Prayers in Code: le April 25-July 19, 2009 Baltimore, The Walters Art Museum

During the late middle ages, Books of Hours (prayer books) became common tools of private devotion and sought-after status symbols. Carried by fashionable ladies in church and collected by affluent bibliophiles, these books, often richly illuminated, differed greatly in style and ornament but were rather predictable in terms of their choice of pictures. Comprised of 24 manuscripts and printed books, this exhibition explores the artistic patronage at the French court during a time when controversies over humanism, reformation and orthodoxy shaped the intellectual life of discerning patrons.

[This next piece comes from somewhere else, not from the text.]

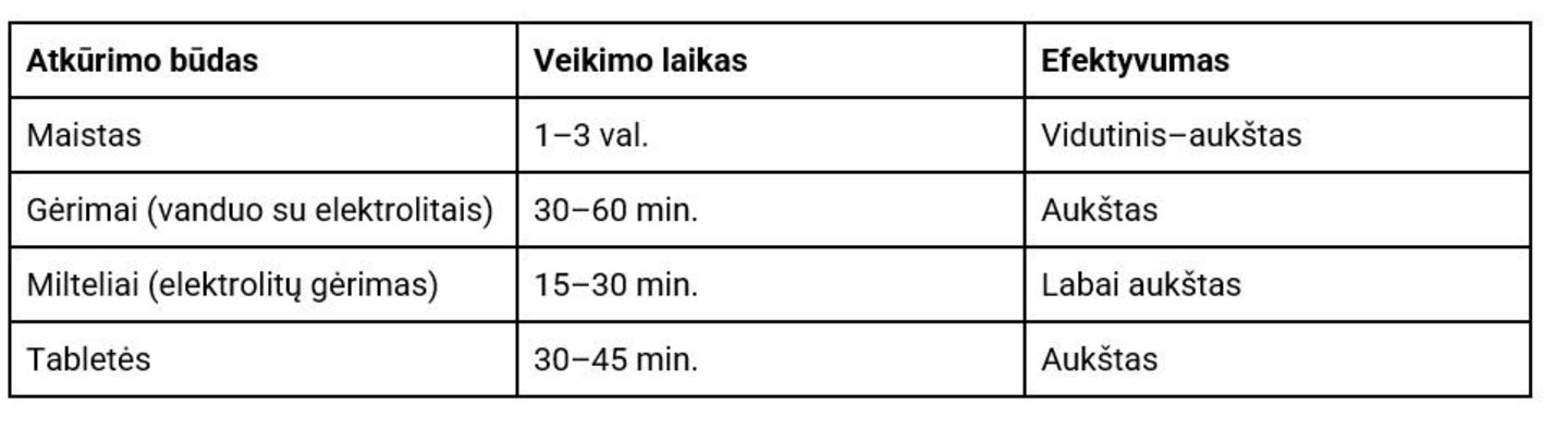Kaip greitai veikia skirtingi elektrolitų atkūrimo būdai?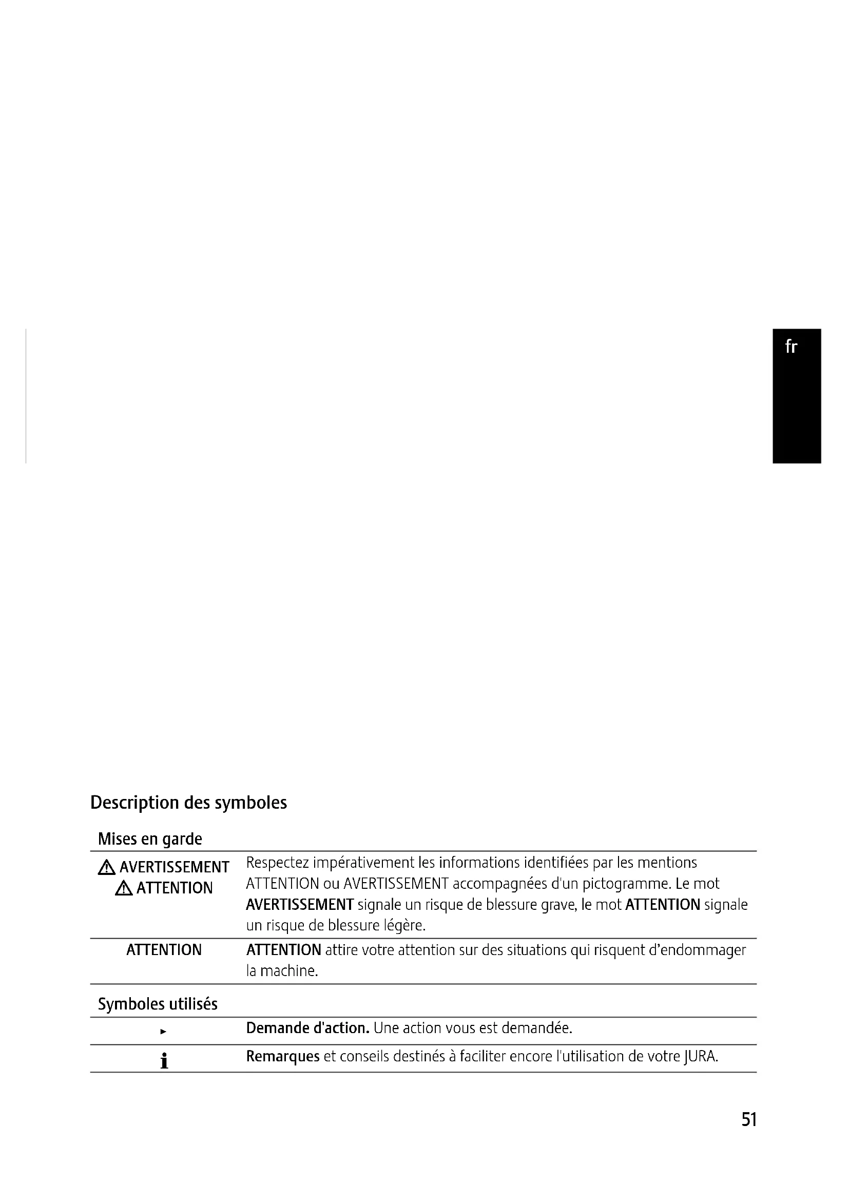 1 Visuel avec symboles & Symbole Détartrage ! Symbole Filtre L Symbole Nettoyage M Symbole Réservoir d'eau v Symbole Café moulu ? Symbole Récipient à marc de café ; Symbole Intensité du café «normal» _ Symbole Intensité du café «fort» Y Symbole Ristretto < Symbole Espresso > Symbole Café54 Remarques importantes Remarques importantes Utilisation conforme Cet appareil a été conçu et construit pour un usage domestique privé. Il sert exclusivement à préparer du café. Toute autre utilisation est considérée comme non conforme. La société JURA Elektroapparate AG décline toute responsabilité relative aux conséquences d'une utilisation non conforme. Lisez entièrement ce mode d'emploi avant d'utiliser la machine et res- pectez-le scrupuleusement. Aucune prestation de garantie ne pourra être invoquée pour des dommages ou défauts résultant du non-respect du mode d'emploi. Conservez ce mode d'emploi à proximité de la machine et remettez-le aux utilisa- teurs suivants. Pour votre sécurité Lisez attentivement les importantes consignes de sécurité suivantes et respectez-les scrupuleusement. Voici comment éviter tout risque d'électrocution:

One of them in particular, Jean Lallemant the Younger (d.1548), was a mysterious patron from a wealthy family. His collection of manuscripts included several Books of Hours that are among the most innovative and unusual of prayer books ever produced. The pictures in Lallemant's manuscripts present enigmatic images that challenge traditional understandings of the relationship between the words of the prayers and their illustrations. Consummate works of art, the books in the show will present visitors with a fantastic array of visual solutions intended to facilitate the reader's meditation and the mnemonic recollection of sacred texts. Veritable prayers in code, the books in the exhibition are the last flowering of a popular genre. Soon after the 1530s, the production of Books of Hours started to falter and then slowly died.